Improved freedom of circulation of quality solvency data across borders: The lender's right of access to solvency data is strengthened (i.a. to facilitate "responsible lending"). The quality of this data is strengthened by ground rules on the operation of existing databases on "payment incidents" (failure of consumers to reimburse).

Rights of withdrawal: within 14 days and free of charge and without justification and early repayment against, in most cases, payment of an indemnity.

Registration of lenders and credit intermediaries (except, for the latter, if another lender or intermediary covers) and ground rules for the operation of intermediaries.

Liability of lenders if suppliers of goods and services act as their credit intermediaries, e.g. in case of loans linked to a purchase (like a car loan) or of cards issued by retailers. Credit disconnected from sales such as credit by cards remain outside the scope.

Protection of personal guarantors: (right to same information as the borrower) and of consumers not fulfilling their contractual obligations (ground rules for repossession of goods and debt recovery). The latter rules not only protect consumers against abuse, they also improve lenders' scope for calculating the risk/cost of non-performance.

Background

The provisions of the 1987 Consumer Directive (87/102/EEC) effectively go back to the "cash society" of the 1970's. It included a "minimal clause" allowing Member States to go further than the rules of the directive. The combined effect was a segmentation of the Internal Market into separate national markets and discrepancies in consumer protection.

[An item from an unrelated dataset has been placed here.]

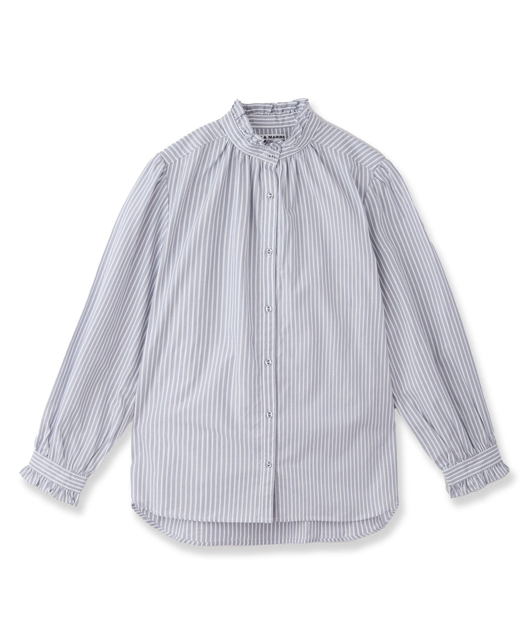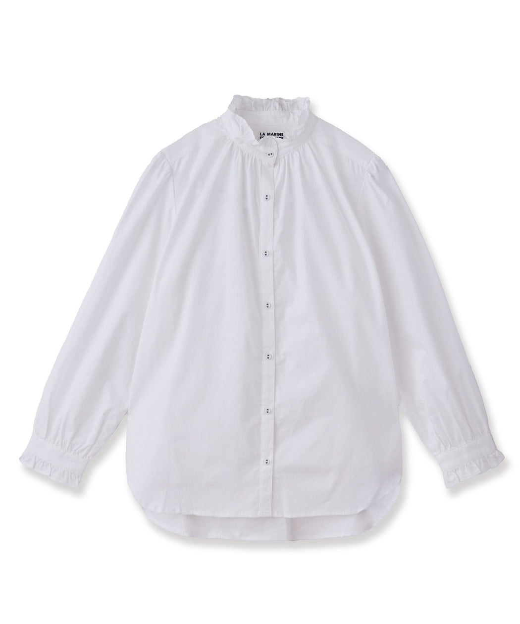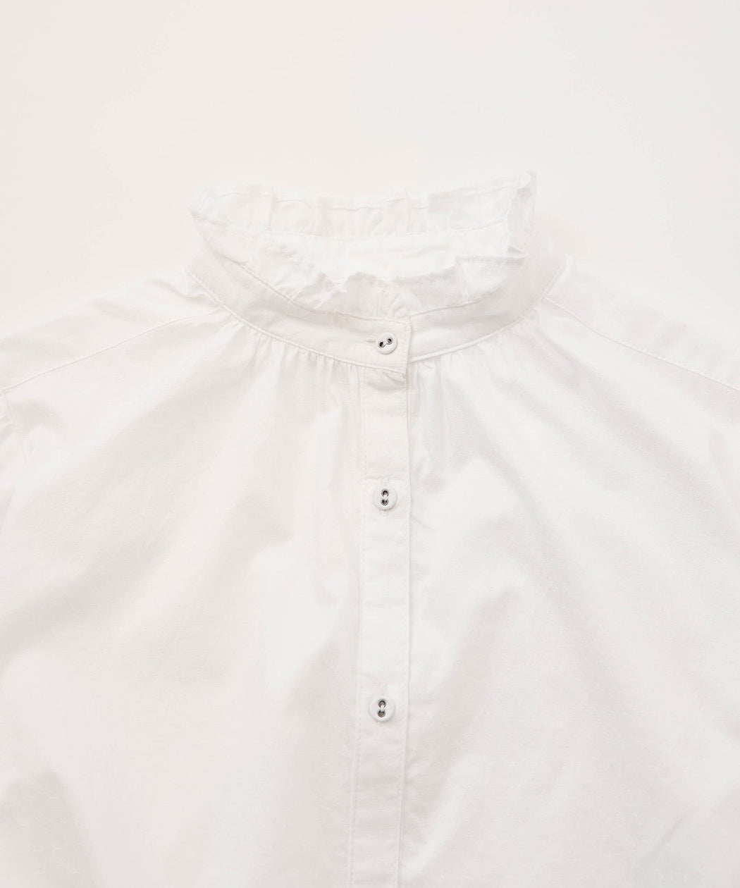 少し高めのスタンド襟にフリルをあしらった、甘すぎない大人のフリルブラウス。

A large-scale consultation of Member States and stakeholders identified six guidelines for the revision:

    Redefinition of the Directive's scope in order to adapt it to the new market situation in this area;

    inclusion of credit intermediaries;

    introduction of a structured information framework for the credit grantor in order to allow him to better appreciate the situation of the borrower;

    more comprehensive information for the consumer and any guarantors;

    more equitable sharing of responsibilities between the consumer and the professional;

    improvement of the arrangements and practices for solving problems related to reimbursement incidents, both for the consumer and for the credit grantor.

The new directive is as an application of the Commission's policy for further harmonisation of EU consumer protection regulation in financial services. Two initiatives of the Commission explained this policy as a necessary step to build consumer confidence:

  • the comprehensive strategy designed to create a regulatory and supervisory environment to encourage the development of e-commerce in financial services and build consumer confidence laid down in the Commission Communication on e-Commerce and Financial Services (see IP/01/185);

  • the recently adopted Consumer Policy Strategy for the years 2002-2006 (IP/02/657).

Consumers do not have enough confidence in the Internal Market in this field. A key reason is the absence of an appropriate level of common rules. Results from a Eurobarometer opinion poll (Eurobarometer 56.0, December 2001, see question 16) reveal that a large majority of consumers (53%) consider consumer protection as a proper matter for full harmonisation throughout the EU (19% of those interviewed think harmonisation should only be partial and 10% think these standards should not be harmonised at EU level).